# Supplied entries
•••••
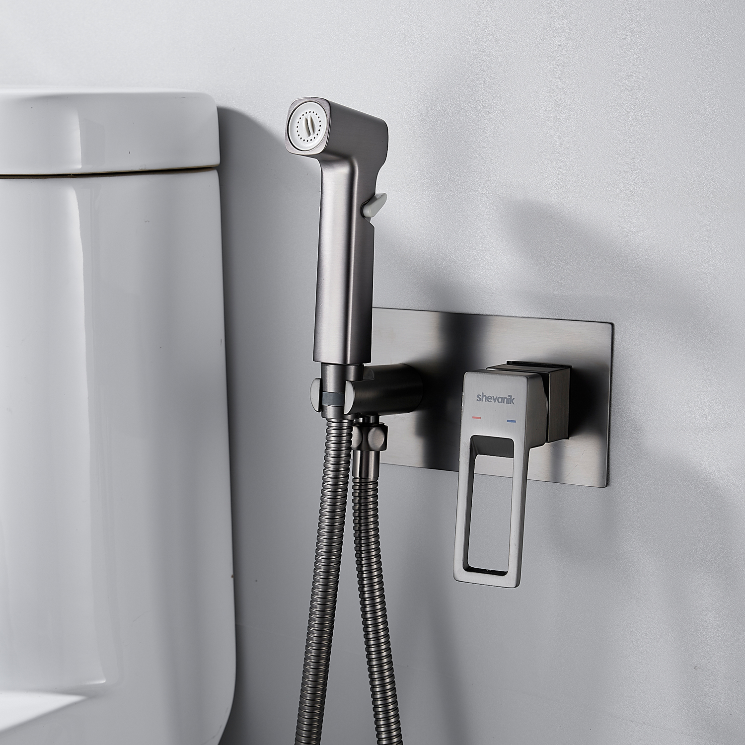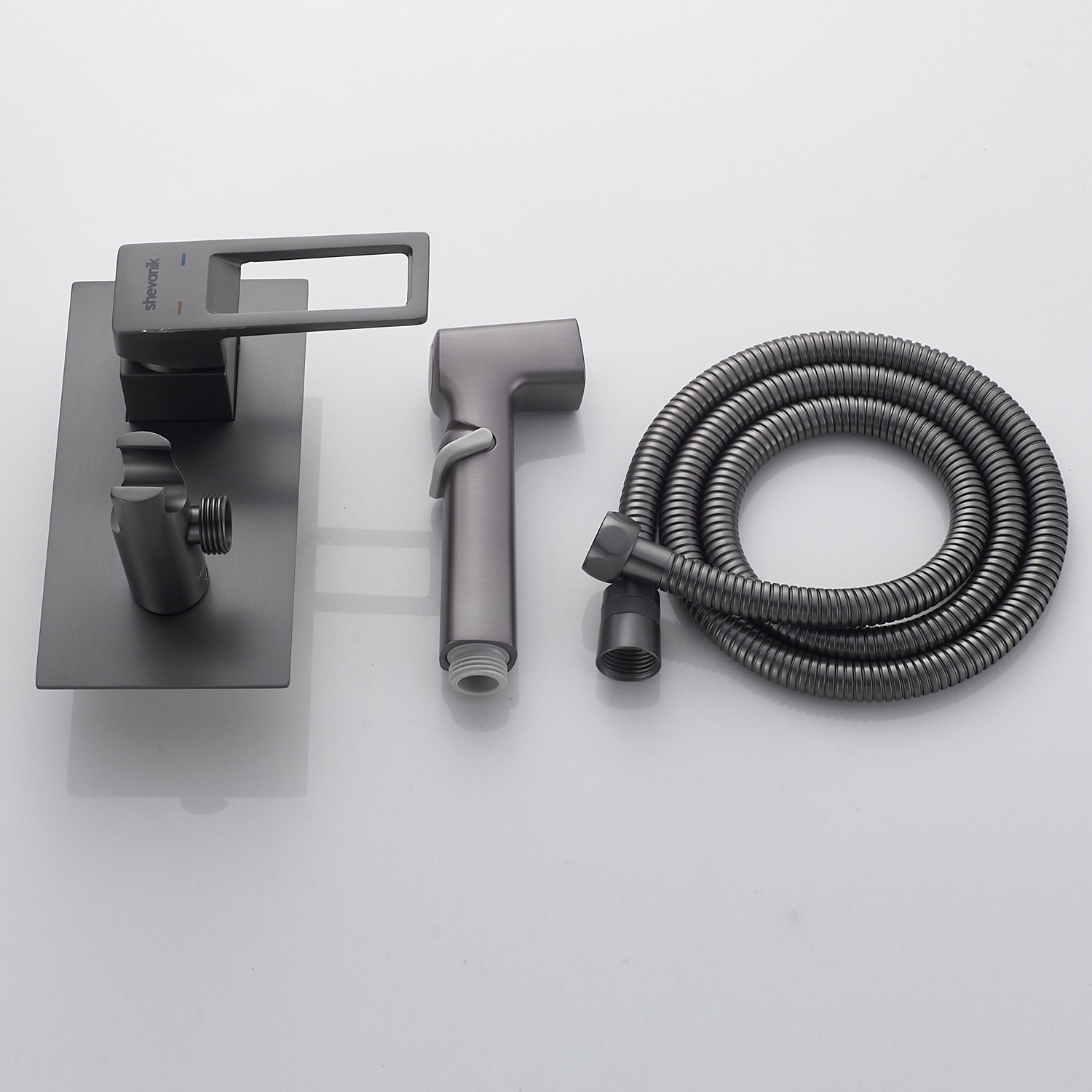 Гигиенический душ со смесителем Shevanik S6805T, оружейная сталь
•••••
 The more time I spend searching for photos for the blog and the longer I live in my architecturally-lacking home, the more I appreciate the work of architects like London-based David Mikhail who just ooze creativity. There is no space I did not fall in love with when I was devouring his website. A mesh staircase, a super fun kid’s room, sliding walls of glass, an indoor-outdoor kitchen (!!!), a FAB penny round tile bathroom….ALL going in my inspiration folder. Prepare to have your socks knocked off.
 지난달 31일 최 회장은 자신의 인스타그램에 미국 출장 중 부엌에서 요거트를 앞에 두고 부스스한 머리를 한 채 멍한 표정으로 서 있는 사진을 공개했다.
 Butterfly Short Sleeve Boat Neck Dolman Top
•••••
# Your task
Going back to the entries above, set down exactly the lines that begin at the one with "지난달 31일 최 회장은" and end at the one with "Butterfly Short Sleeve Boat Neck Dolman Top", both included, and nothing else.

# Solved exercise
 지난달 31일 최 회장은 자신의 인스타그램에 미국 출장 중 부엌에서 요거트를 앞에 두고 부스스한 머리를 한 채 멍한 표정으로 서 있는 사진을 공개했다.
 Butterfly Short Sleeve Boat Neck Dolman Top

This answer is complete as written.